Thinking About Heirlooms–52 Ancestors # 8

As my mother aged and started thinking about retiring and downsizing and all that, she began to make lists of the family items she and my father had been given over the years from their families.  Some things had come with a death, others had been brought out by the older generation when they visited or when we visited them.  While I don’t really know anything about how these people made decisions about passing on treasures, I do have some idea about my mother’s process.  I do know that for the generation above my parents, there was little choice: my father was an only child in a family with several “maiden aunt” types and my mother had a single brother.  For our family there were 5 children to be considered.
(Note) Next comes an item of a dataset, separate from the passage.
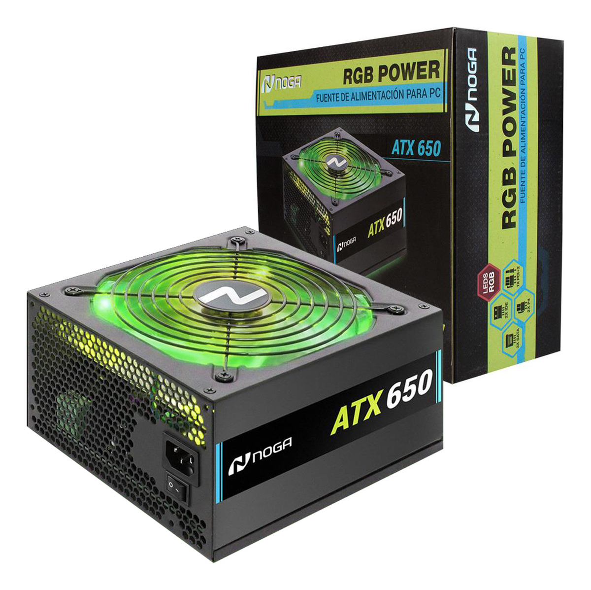 La Fuente de alimentación para PC Noga RGB Power ATX-650 RGB de 650W en color negro es la solución perfecta para mantener tu computadora de escritorio funcionando de manera eficiente y segura.

One of the things that was always true of my mother, and verbalized by her, was that she wanted to treat the 5 of us both as individuals and not all alike but also equally.  So, for example, some permissions came to each of us at the age my parents (or mother) had decided was most appropriate.  Allowances, when we got bigger allowances, what we needed to do with that money, chores, were all laid out.  You knew when you would be expected to start being responsible for setting the table or or for clearing it, or helping shovel snow.  To the extent she could, the chores and the allowances, were pretty gender-blind among the two girls and three boys.  And if there were differences a lot of effort and thought went into making the requirements (frequency, amount of time required) as equivalent as possible while increasing responsibility with age.
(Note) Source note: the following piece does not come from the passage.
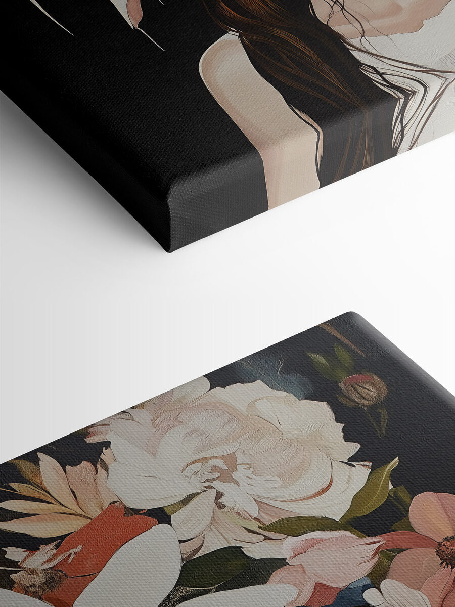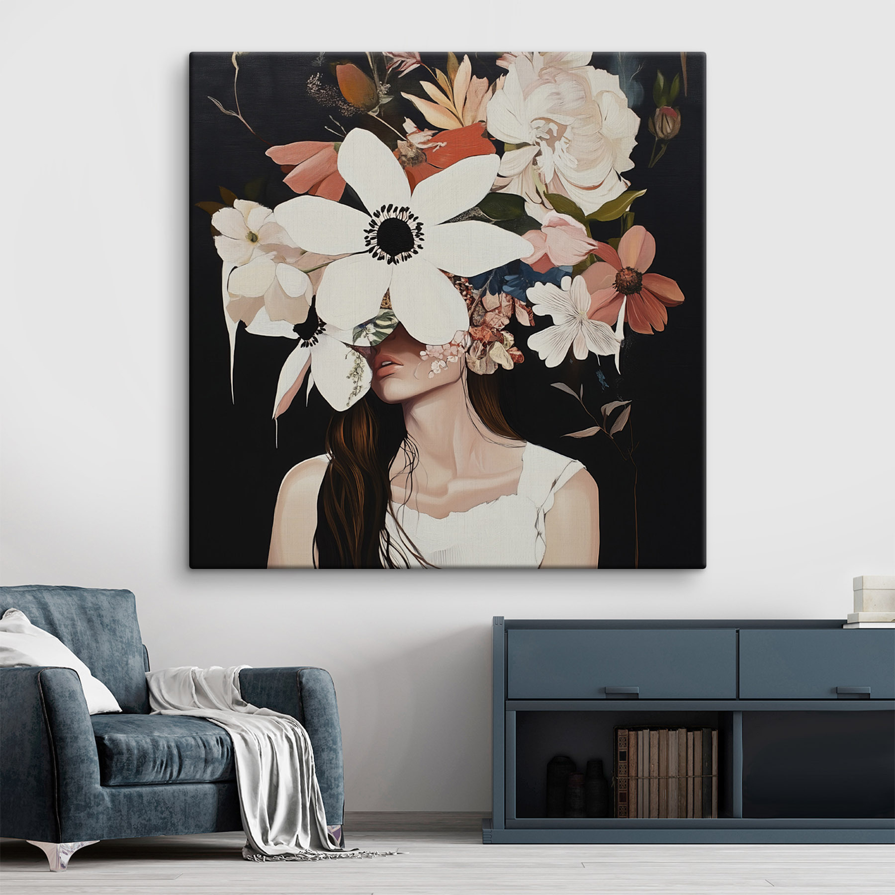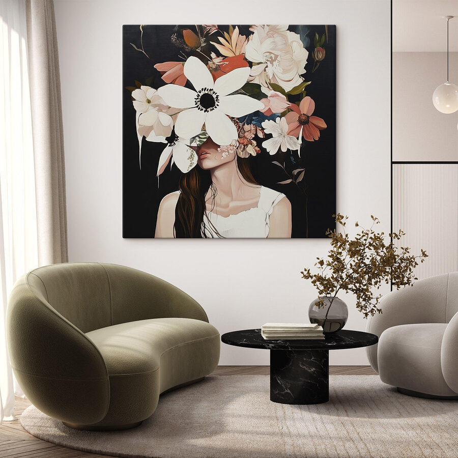 Verschönern Sie Ihren Raum mit diesem atemberaubenden Leinwanddruck einer Frau, die mit einer Kaskade von Blumen geschmückt ist. Es ist, als hätte sie jede Blüte aus dem Garten gepflückt und gesagt: “Lasst uns feiern!” Durch den Kontrast des dunklen Hintergrunds kommen die leuchtenden Blumen besonders gut zur Geltung, fast so, als ob sie dem Betrachter die Hand reichen würden. Stellen Sie sich vor, dass Sie jeden Tag an dieser Schönheit vorbeigehen – vielleicht zaubert sie Ihnen ein oder zwei Lächeln ins Gesicht. Dieses Bild eignet sich perfekt für ein Wohnzimmer oder eine gemütliche Ecke und versprüht den Charme der Natur und einen Hauch von Laune. Verleihen Sie Ihrer Wand einen Hauch von modernem Kunstzauber und lassen Sie sie zu Gesprächen anregen!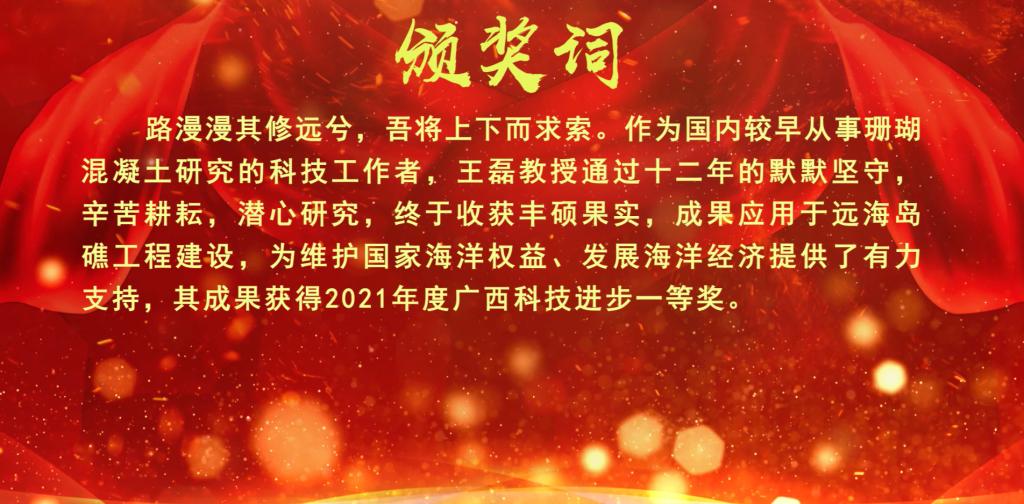 王磊,beat365英国官方网站科技处处长,二级教授,博士生导师。广西卓越学者,广西高校高水平创新团队“海岛及海岸混凝土结构”带头人。先后主持国家重点研发计划课题、国家自然科学基金、广西创新驱动重大专项课题等省部级以上项目20余项。共发表学术论文80余篇,其中SCI/EI期刊论文30余篇,授权国家发明专利5项。获广西科技进步一等奖、教育部科技进步二等奖、广西科技进步二等奖等奖励。长期从事海洋环境混凝土材料与结构、固废资源化利用等领域的研究,在推动远海岛礁建设、建筑与工业固废资源化集成应用、节能减排及循环经济发展方面作出了突出贡献。

This goal of treating us all equally was also noticeable in my mother’s thinking about dividing up the family heirlooms.  She made lists.  She thought about who should be given something and why.  She tried to spread out the various items in terms of kind (silver tableware, trays, pictures, etc.) and based on who they had belonged to originally.  She may have asked, occasionally, about whether you wanted this thing or that, but her position was that it was her responsibility to pass them on and she didn’t want to start any family arguments when she was gone, if she could help it.

Now this may make it sound as if there was a huge treasure trove of valuable family heirlooms in her possession.  Not so.  Also, she started passing items on long before she downsized, so it is difficult in the present to say when something came to me or what she said about it when she gave it to me.  I wish I had been more foresighted about keeping track.  Many of the most-appreciated-by-me items are pictures and albums, and letters/diaries.
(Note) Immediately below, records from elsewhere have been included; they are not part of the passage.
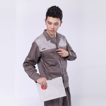苏州鹰诺服装:中灰拼橘黄色春秋工作服AC116-CQ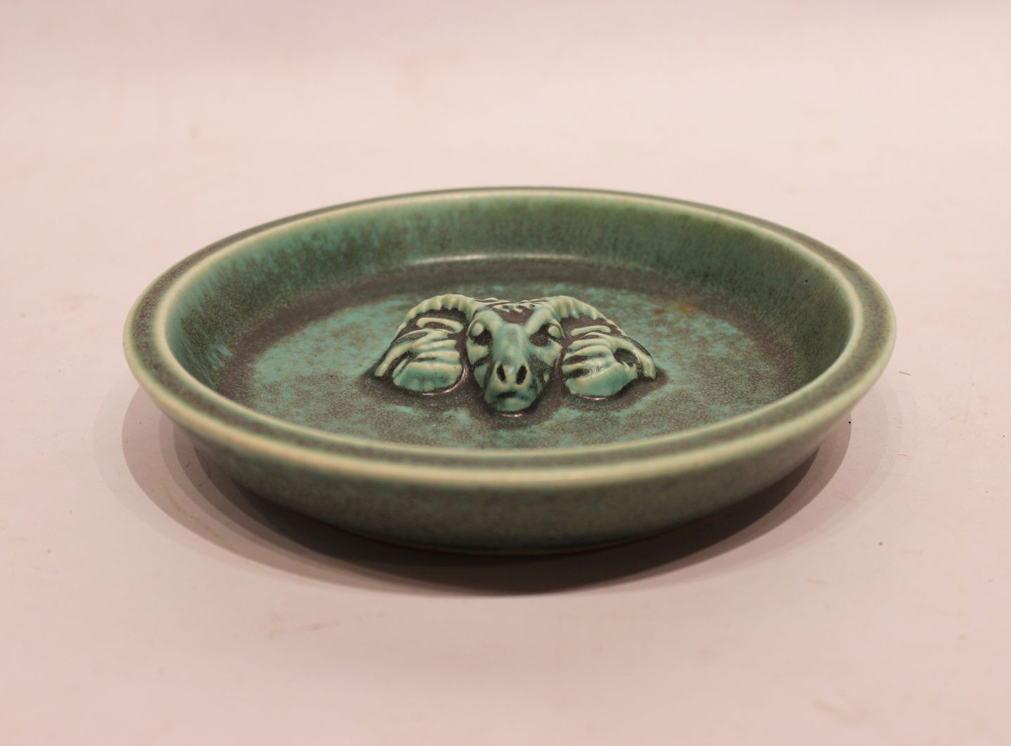 SolgtKeramik fad i grønne og turkise farver med vædder motiv af Hugo Liisberg for Saxbo.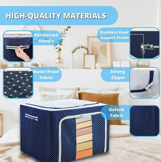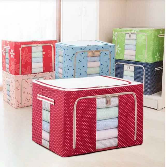 Folding Oxford Cloth Steel Frame Clothing Quilts Pillows Storage Bag Organizer Box with Zipper Lid66l

However, one of the oldest tangible items she passed to me (and I don’t know why I got it as opposed to any of my siblings) is a very old vellum wallet or pocket book.  The best thing about this is that it came with an old piece of paper, that gives the provenance for the wallet.  We had it framed in a shadow-box with protective glass, and it hangs on my family wall in the dining room.

I know I’ve had it for more than 25 years at this point because in the fall of 1991 I took it to a conservator at Northeast Document Conservation Center to have it looked at.  The conservator did not take it out of the sealed shadow-box but by close looking was able to tell me several interesting things about it.  The provenance said it was a pocket book originally belonging to Stephen Hussey (c 1630-1718, my 8g grandfather) and passed down to various grandsons and ending up with Theodore Justice in about 1836.  What Theodore (my 2 g-grand uncle) did with it on his death is undocumented so far.  However it likely stayed with his mother until her death and then with one of her grandchildren who passed it along to my father eventually.